▸ **COLLECTED MATERIAL**
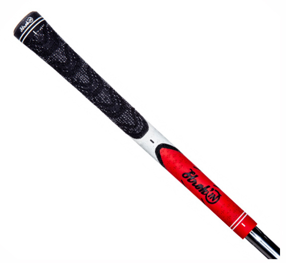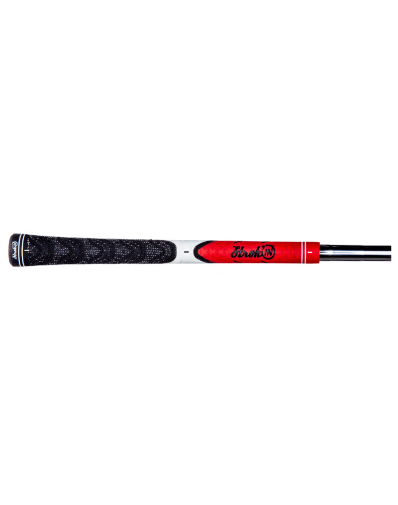 Dit is de zwart-rode V-Grip Project Cord grip van Stroke'IN in standaard heren maat, geschikt voor al uw golfclubs. Voelt enigszins stroef aan door de ingeweven Cord (draad) in het onderste deel.
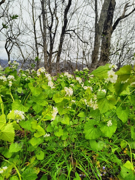 Дикая весенняя зелень и белые цветы в лесу, естественный фон, ботанические обои
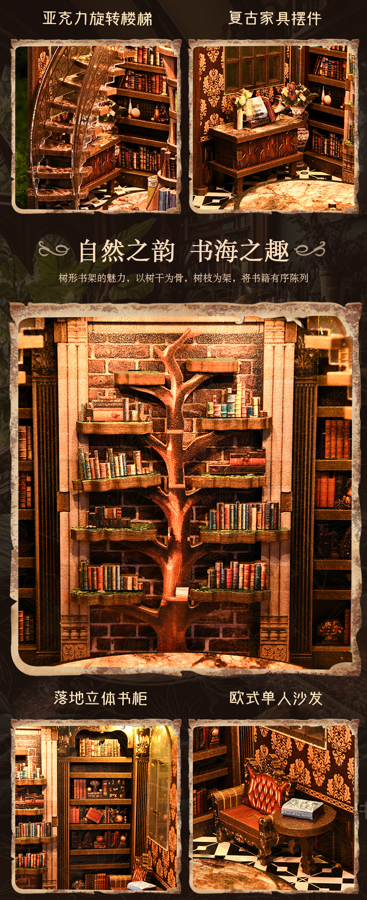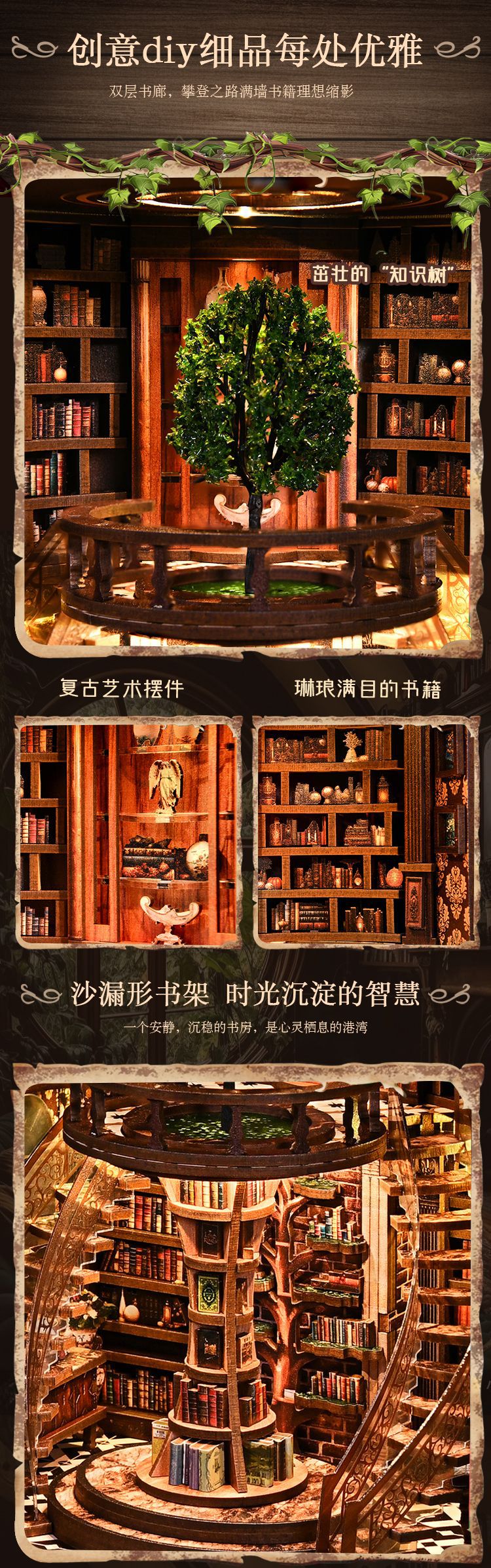 Книжный магазин Дерево мудрости DIY миниатюрная модель дома 3D пазл подставка для книг двуязычная (китайский и английский) кросс-бодер

▸ **THE PROBLEM**
The reply must consist of the complete listing, reproduced exactly, with no images.

▸ **RESULT OF THE TASK**
 Dit is de zwart-rode V-Grip Project Cord grip van Stroke'IN in standaard heren maat, geschikt voor al uw golfclubs. Voelt enigszins stroef aan door de ingeweven Cord (draad) in het onderste deel.
 Дикая весенняя зелень и белые цветы в лесу, естественный фон, ботанические обои
 Книжный магазин Дерево мудрости DIY миниатюрная модель дома 3D пазл подставка для книг двуязычная (китайский и английский) кросс-бодер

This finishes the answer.